Herméneutique du souvenir

La collective se souvient de l’histoire des femmes de différentes manières, mais une seule réécriture, celle de Marc 1,16-20 ; 2,14-17 où Jésus appelle des hommes à le suivre, fait explicitement mémoire du passé historique des femmes chrétiennes. « Le soir, à table, chez Livia, ces femmes et quelques autres, la Samaritaine, Marie-Madeleine, la Cananéenne se joignirent au groupe ».3

Herméneutique de la proclamation

Les femmes de L’autre Parole (L’AP) portent un jugement éthique sur le canon des Écritures et sur son interprétation. Deux réécritures utilisent le critère d’évaluation de Schüssler Fiorenza. Celle du Credo de Nicée qui rejette le caractère androcentrique du texte d’origine et celle de L’Exode 1 qui articule l’appropriation des accents libérateurs du texte biblique à partir de la transposition des expériences d’oppression et de libération des protagonistes (Roi et peuple d’Israël /femmes de L’AP et clergé). Conscientes de l’invisibilité et de l’infériorisation des femmes, L’autre Parole s’inspire des critères d’évaluation de Schüssler Fiorenza pour travailler à une herméneutique qui vise à libérer la vie et la parole des femmes de l’exclusion patriarcale.

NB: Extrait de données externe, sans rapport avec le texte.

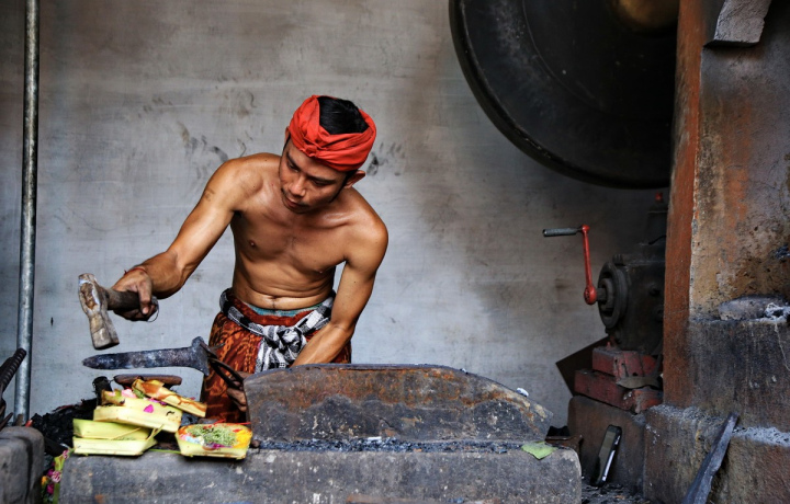 Назначенные даты экскурсии неслучайны. Это особые благоприятные дни, когда изготавливают предметы для церемоний. По специальному согласованию с мастерами вы увидите, как куётся крис (кинжал) и как в пламени искр отбивают раскалённый гонг. Также мы заедем к мастерам-кукольникам, которые вырезают из буйволиной шкуры магические куклы для театра теней и маски топенг, чьи персонажи способны вселять в себя духов. А на обратном пути посетим храм для очищения и благословения. Кроме нас, на церемонии не будет ни одного «буле», как балийцы называют иностранцев.
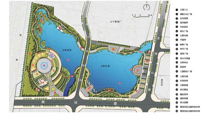 该方案以一环连两湖,三轴串八景,五区话古今,,动静两相宜的景观结构。共分为酒香礼颂、津渡迷踪、华汲岸雅、彩境盈风、柳孜遗韵、云影湖波六个部分。
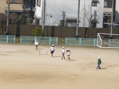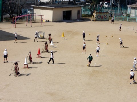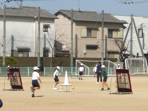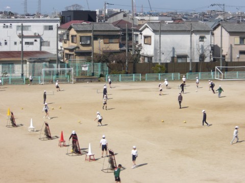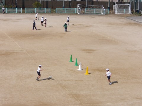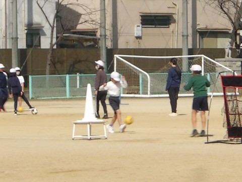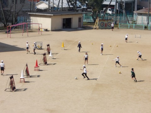 運動場の体育では,ラインサッカーに取り組んでいます。試合の前に,いろいろな技術練習ができる場の設定をしたところを,各自で順にまわって取り組みます。
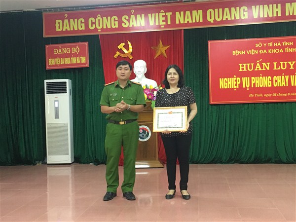 Thực hiện chương trình công tác Phòng cháy chữa cháy năm 2018, Kế hoạch số 248/KH-PCCC ngày 22/5/2018 về việc huấn luyện nghiệp vụ PCCC, ngày 02/6/2018, Bệnh viện Đa khoa tỉnh Hà Tĩnh phối hợp với Phòng Cảnh sát Phòng cháy - Chữa cháy và cứu nạn, cứu hộ Công an tỉnh Hà Tĩnh tổ chức lớp huấn luyện nghiệp vụ phòng cháy chữa cháy cho cán bộ viên chức bệnh viện.

Herméneutique de l’imagination

L’herméneutique de l’imagination soutient une affirmation religieuse des femmes affranchie des aprioris sexistes et misogynes qui conditionnent leur expérience dans l’Église. Les réécritures qui révèlent une meilleure utilisation de cette herméneutique sont celles qui transposent et actualisent l’expérience des personnages féminins des textes bibliques (Luc 1,39-56, La Visitation 1 et Marc 16,1-9, Les femmes au tombeau).

Conclusion

Tout au long de cet article, j’ai présenté dans le cadre théorique et dans la méthodologie les conclusions qui s’y rapportaient. En terminant, j’ajouterais que le point déterminant de ce mémoire est d’être en mesure d’affirmer que le travail de réécriture de L’autre Parole produit une forme de transmission à partir d’éléments alternatifs qui traduisent la créativité et la soif de liberté des femmes de cette collective.

BIBLIOGRAPHIE

Collective. (1997). « Célébration d’une Ekklésia manifeste. » L’autre Parole : Colloque du 20e anniversaire Une EKKLÈSIA manifeste, 72 (hiver), 64-78. Récupéré de http://www.lautreparole.org/revues/72

Collective. (1998-1999). « Tisserandes de Dieu dans le monde. » L’autre Parole : « Tisseuses » de solidarité un métier planétaire, 80 (hiver), 20-33. Récupéré de http://www.lautreparole.org/revues/80

Delteil, Gérard. (2004). « Hâte-toi de transmettre. » Évangile et liberté : La transmission, (183). Récupéré de http://www.evangile-et-liberte.net/elements/numeros/183/article9.html

Laborie, Françoise. (2004).  « Transmission intergénérationnelle. » Dans H. Hirata, F. Laborie, H. Le Doaré, et D. Senotier (dir.), Dictionnaire critique du féminisme, (2e Édition, p. 239-243). Paris : PUF.

Schüssler Fiorenza, Elisabeth. (1986). En mémoire d’elle. Essai de reconstruction des origines chrétiennes selon la théologie féministe. Paris : Cerf.